→ **WHAT THE TASK ASKS**:
For each line below with the word "reduce", write out a copy.

→ **RECORD EXCERPTS**:
————

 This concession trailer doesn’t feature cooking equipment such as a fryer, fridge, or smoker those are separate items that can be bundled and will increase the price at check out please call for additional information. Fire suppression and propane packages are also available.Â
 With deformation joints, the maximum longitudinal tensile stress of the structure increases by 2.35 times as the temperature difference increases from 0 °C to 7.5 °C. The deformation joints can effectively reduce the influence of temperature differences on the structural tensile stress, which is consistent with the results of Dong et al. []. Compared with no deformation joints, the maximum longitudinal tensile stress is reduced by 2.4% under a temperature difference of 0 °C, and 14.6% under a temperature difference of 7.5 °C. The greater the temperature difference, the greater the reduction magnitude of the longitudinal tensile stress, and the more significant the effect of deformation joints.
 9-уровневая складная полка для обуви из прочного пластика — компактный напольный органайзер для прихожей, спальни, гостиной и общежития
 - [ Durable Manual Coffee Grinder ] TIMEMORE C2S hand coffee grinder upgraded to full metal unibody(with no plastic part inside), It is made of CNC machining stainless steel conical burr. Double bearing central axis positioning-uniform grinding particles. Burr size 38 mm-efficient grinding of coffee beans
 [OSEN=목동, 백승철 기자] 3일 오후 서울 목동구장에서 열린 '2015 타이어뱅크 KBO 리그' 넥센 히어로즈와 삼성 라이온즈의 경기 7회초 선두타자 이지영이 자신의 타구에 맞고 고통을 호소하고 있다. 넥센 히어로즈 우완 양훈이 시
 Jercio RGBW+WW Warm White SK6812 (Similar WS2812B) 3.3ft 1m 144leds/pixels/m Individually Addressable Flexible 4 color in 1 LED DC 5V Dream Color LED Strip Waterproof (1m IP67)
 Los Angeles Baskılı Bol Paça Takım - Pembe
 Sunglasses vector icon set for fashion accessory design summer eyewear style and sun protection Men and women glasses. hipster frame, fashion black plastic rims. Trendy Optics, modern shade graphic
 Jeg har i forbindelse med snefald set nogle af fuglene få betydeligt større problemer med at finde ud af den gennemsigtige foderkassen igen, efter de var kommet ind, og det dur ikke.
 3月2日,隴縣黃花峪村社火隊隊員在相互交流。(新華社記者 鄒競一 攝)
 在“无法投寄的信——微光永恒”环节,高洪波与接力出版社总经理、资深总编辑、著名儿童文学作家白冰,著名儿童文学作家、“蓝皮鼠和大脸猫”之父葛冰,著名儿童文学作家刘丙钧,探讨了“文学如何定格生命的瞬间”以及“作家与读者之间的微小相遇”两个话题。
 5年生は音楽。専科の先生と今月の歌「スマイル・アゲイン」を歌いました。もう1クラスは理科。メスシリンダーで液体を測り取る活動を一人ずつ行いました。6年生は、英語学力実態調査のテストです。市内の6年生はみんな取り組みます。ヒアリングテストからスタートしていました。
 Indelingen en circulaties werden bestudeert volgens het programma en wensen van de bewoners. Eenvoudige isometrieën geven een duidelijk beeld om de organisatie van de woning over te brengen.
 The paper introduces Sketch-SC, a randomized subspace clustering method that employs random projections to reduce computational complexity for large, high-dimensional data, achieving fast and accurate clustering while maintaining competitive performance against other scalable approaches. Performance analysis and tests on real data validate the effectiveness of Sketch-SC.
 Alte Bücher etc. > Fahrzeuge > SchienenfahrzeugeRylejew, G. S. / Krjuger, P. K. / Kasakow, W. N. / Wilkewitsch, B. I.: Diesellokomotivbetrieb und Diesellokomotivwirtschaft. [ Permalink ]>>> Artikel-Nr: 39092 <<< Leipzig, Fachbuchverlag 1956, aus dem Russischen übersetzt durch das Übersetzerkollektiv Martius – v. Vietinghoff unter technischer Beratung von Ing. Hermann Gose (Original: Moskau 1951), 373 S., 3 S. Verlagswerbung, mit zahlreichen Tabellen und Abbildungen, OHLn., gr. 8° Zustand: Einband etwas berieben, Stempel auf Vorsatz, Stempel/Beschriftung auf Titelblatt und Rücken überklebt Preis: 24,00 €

————

→ **OUTPUT FOR THIS EXERCISE**:
 With deformation joints, the maximum longitudinal tensile stress of the structure increases by 2.35 times as the temperature difference increases from 0 °C to 7.5 °C. The deformation joints can effectively reduce the influence of temperature differences on the structural tensile stress, which is consistent with the results of Dong et al. []. Compared with no deformation joints, the maximum longitudinal tensile stress is reduced by 2.4% under a temperature difference of 0 °C, and 14.6% under a temperature difference of 7.5 °C. The greater the temperature difference, the greater the reduction magnitude of the longitudinal tensile stress, and the more significant the effect of deformation joints.
 The paper introduces Sketch-SC, a randomized subspace clustering method that employs random projections to reduce computational complexity for large, high-dimensional data, achieving fast and accurate clustering while maintaining competitive performance against other scalable approaches. Performance analysis and tests on real data validate the effectiveness of Sketch-SC.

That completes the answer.